For modern digital signals, significant computer processing power and memory storage is needed to prepare an input signal for display. For either over-the-air or cable TV, the same analog demodulation techniques are used, but after that, then the signal is converted to digital data, which must be decompressed using the MPEG codec, and rendered into an image bitmap stored in a frame buffer.

For progressive scan display modes, the signal processing stops here, and the frame buffer is immediately written to the display device. In its simplest form, this processing may take several microseconds to occur.

For interlaced video, additional processing is frequently applied to deinterlace the image and make it seem to be clearer or more detailed than it actually is.

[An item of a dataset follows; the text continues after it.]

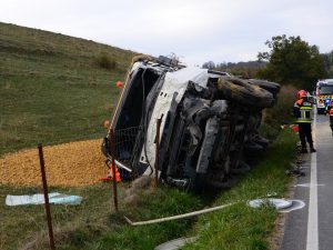 Ein Lieferwagen ist am Montagmorgen um 8.55 Uhr auf der N8 mit einem Lkw zusammengestoßen. Der Truck fuhr aus Richtung Bruch nach Reckingen. Kurz vor dem Abzweig der rue de Brouch kam es zu der Kollision. Das berichtet die Polizei. Durch den Aufprall wurde der Lieferwagen in den Straßengraben geschleudert. Der schwere Lkw, der mit Sandstein beladen war, fuhr in den Graben und kippte auf die Seite.

This is done by storing several interlaced frames and then applying algorithms to determine areas of motion and stillness, and to either merge interlaced frames for smoothing or extrapolate where pixels are in motion, the resulting calculated frame buffer is then written to the display device.

De-interlacing imposes a delay that can be no shorter than the number of frames being stored for reference, plus an additional variable period for calculating the resulting extrapolated frame buffer; delays of 16-32ms are common.

== Causes of display lag ==
While the pixel response time of the display is usually listed in the monitor's specifications, no manufacturers advertise the display lag of their displays, likely because the trend has been to increase display lag as manufacturers find more ways to process input at the display level before it is shown. Possible culprits are the processing overhead of HDCP, digital rights management (DRM), and also DSP techniques employed to reduce the effects of ghosting – and the cause may vary depending on the model of display. Investigations have been performed by several technology-related websites, some of which are listed at the bottom of this article.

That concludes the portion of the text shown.